Estudos de intervenção de longo prazo comparando tratamento padrão versus intensivo do diabetes têm demonstrado uma clara associação entre pobre controle glicêmico prolongado e desenvolvimento de complicações microvasculares, e, em menor grau, macrovasculares. Ao longo da última década, os efeitos deletérios tanto da variabilidade glicêmica a curto prazo (flutuações diárias da glicose), como das variações de longo prazo, medidas pelas alterações na glicemia de jejum (GJ) e A1C, têm sido propostos, embora evidências definitivas sobre desfechos clínicos significativos permaneçam escassas1.

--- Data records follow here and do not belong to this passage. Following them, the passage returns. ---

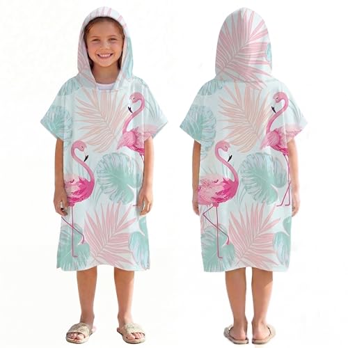 Kids Hooded Bath Towel Poncho, Quick Dry Microfiber Surf Poncho Changing Robe with Zipper, Wearable Surf Swim Towel (Yellow)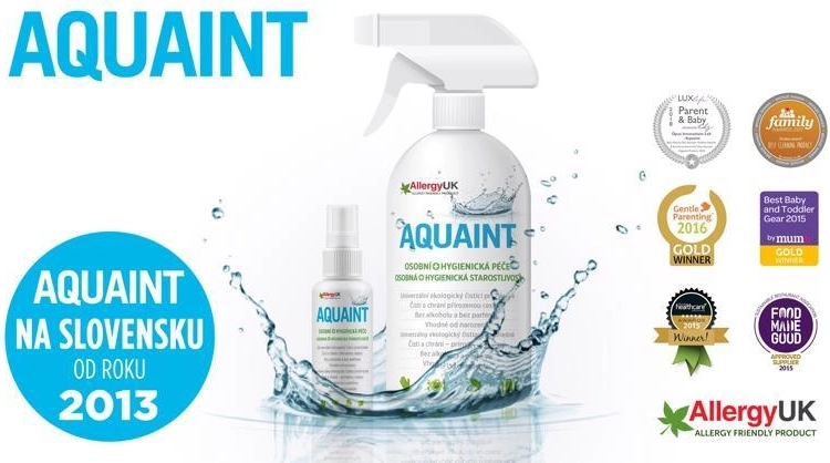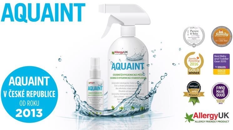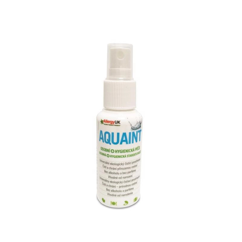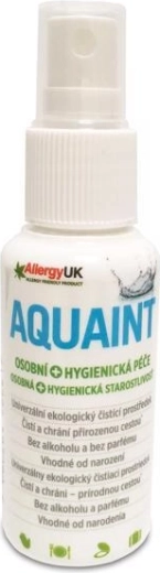 Aquaint je 100% přírodní čisticí voda v praktickém mechanickém rozprašovači, která bezpečně čistí ruce, pokožku i citlivé partie od narození. Je bez zápachu i chuti, nelepí a po použití zanechá na povrchu jen čistou vodu. Vhodná pro každodenní hygienu doma, na cestách i venku.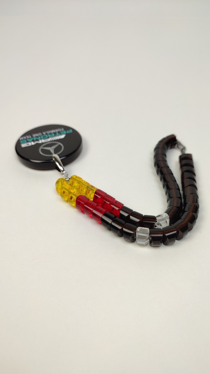 длина ~ 210 мм Гравировка нанесена на две поверхности из двух, содержит в себе два эскиза. Элегантность, статус и стиль — всё это сочетается в этих чётках, созданных специально для владельцев и ценителей легендарного бренда. Чёрная основа подчёркивает строгость и уверенность, а красно-жёлтые акценты напоминают о динамике и скорости. Медальон с фирменным логотипом Mercedes-Benz завершает образ, превращая эти чётки в символ уверенности на дороге.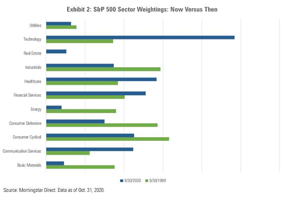 S&P 500 Sector Weightings, Then And Now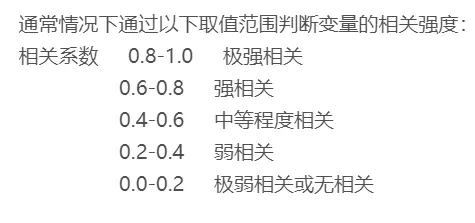 - 相关系数:考察两个变量之间的相关程度。相关系数的取值范围是-1到1,绝对值越接近1,则说明两个变量之间的相关程度越大;绝对值越接近0,则说明两个变量之间的相关程度越小,具体见下图: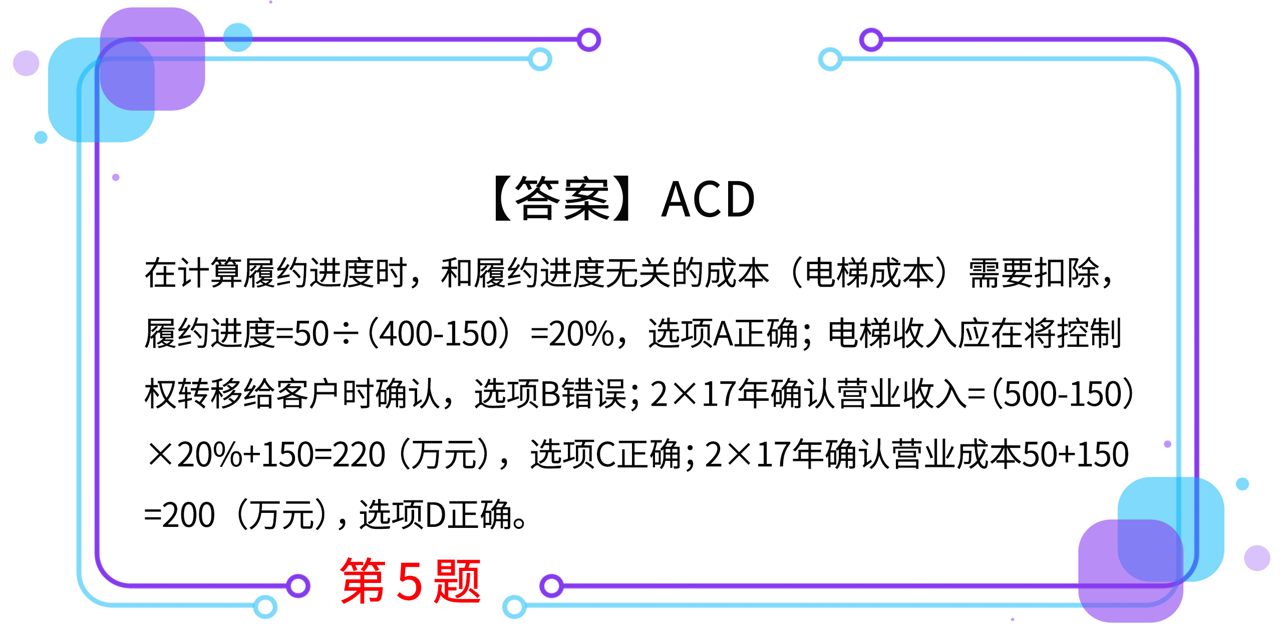 5.2×17年11月,甲公司與乙公司訂立一項裝修一幢3層建筑并安裝新電梯的合同,合同總對價為500萬元。已承諾的裝修服務(wù)(包括電梯安裝,假定電梯毛利為0)是一項在一段時間內(nèi)履行的履約義務(wù)。預計總成本為400萬元(包括電梯成本150萬元)。甲公司在電梯轉(zhuǎn)讓給乙公司前獲得對電梯的控制。甲公司使用投入法基于已發(fā)生的成本來計量其履約義務(wù)的履約進度。乙公司在2×17年12月電梯運抵該建筑物時獲得對電梯的控制,電梯直至2×18年6月才安裝完成。甲公司未參與電梯的設(shè)計與安裝。至2×17年12月31日,已發(fā)生的成本為50萬元(不包括電梯)。下列會計處理表述中,正確的有( )。
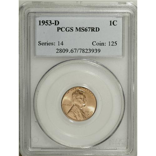 <B>1953-D 1C MS67 Red PCGS.</B></I> Rich orange luster dominates the reverse, and the straw-gold obverse also exhibits dazzling cartwheel sheen. This well struck example is unabraded, and separated from perfection only by a few pinpoint flecks. Population: 12 in 67 Red, 0 finer (11/06).<BR><BR><b>Shipping:</b> Coin/Currency (<a target="_blank" href="http://www.heritageauctions.com/common/shipping.php">view shipping information</a>)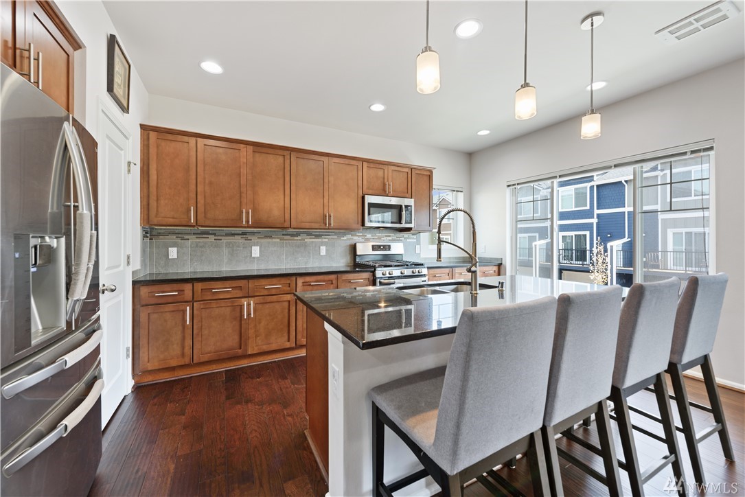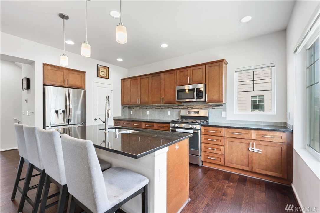 Hop on the appreciation train in the Towns at Riverfront community on the Snohomish River. Growing downtown Everett & upcoming Riverfront town center will add immense value. Home is an entertainers dream w/ a huge, open, flowing main floor. Large granite kitchen island, gas cooking, fireplace, windows galore, bedroom on first floor w/ double closets, 4 car parking, walking trails & fully fenced yard! Ideal location, immediate access to I5, HWY 2 & 1 mile to vibrant downtown.

A escolha do melhor alvo terapêutico no tratamento do DM2 é um assunto complexo, motivo frequente de debate entre especialistas, não havendo ainda unanimidade em sua definição (quadro 1).
Quadro 1: Metas de A1c para DM2 propostas por diferentes organizações médicas envolvidas no manejo do paciente com diabetes.
*American Diabetes Association (ADA);EASD Europeans Association for theb Study of Diabetes; the American Association of Clinical Endocrinologists (AACE); American College of Endocrinology (ACE); National Institute for Health and Care Excellence (NICE); American College of Physicians (ACP).
**Baixo risco: pacientes mais jovens e saudáveis; Alto risco: doença de longa data, com mais complicações e/ou comorbidades; Maioria: grupo intermediário.
Divergência entre diretrizes sobre diabetes
As principais organizações de saúde envolvidas no cuidado ao paciente com diabetes concordam que as metas e estratégias de tratamento devem considerar as necessidades e preferências de cada paciente, no entanto, um conjunto de orientações publicado recentemente pelo American College of Physicians (ACP), que defende o relaxamento das metas de controle da A1C no DM2, gerou grande discussão, já que as mesmas estão em desacordo com aquelas de outras organizações profissionais, incluindo a American Diabetes Association (ADA)13.
Para desenvolver as novas recomendações do ACP, os autores avaliaram seis conjuntos de diretrizes atuais de outras organizações, e revisaram ensaios clínicos importantes nos quais essas diretrizes se embasam, o que resultou em quatro declarações-chave2 (quadro 2).
Logo após a publicação das novas diretrizes do ACP, uma declaração conjunta envolvendo a Endocrine Society, ADA, AACE e American Association of Diabetes Educators (AADE) foi publicada expressando forte desacordo com algumas dessas recomendações7, alertando sobre a preocupação de que, se as mesmas forem amplamente adotadas na prática clínica, o recente progresso no manejo do diabetes pode ser ameaçado13.
Cada uma das recomendações do ACP requer comentários específicos. As principais justificativas e/ou divergências entre as organizações médicas citadas, quanto à escolha do melhor alvo terapêutico com base nos níveis de A1C, são comentadas no quadro 2 3,6,7,13.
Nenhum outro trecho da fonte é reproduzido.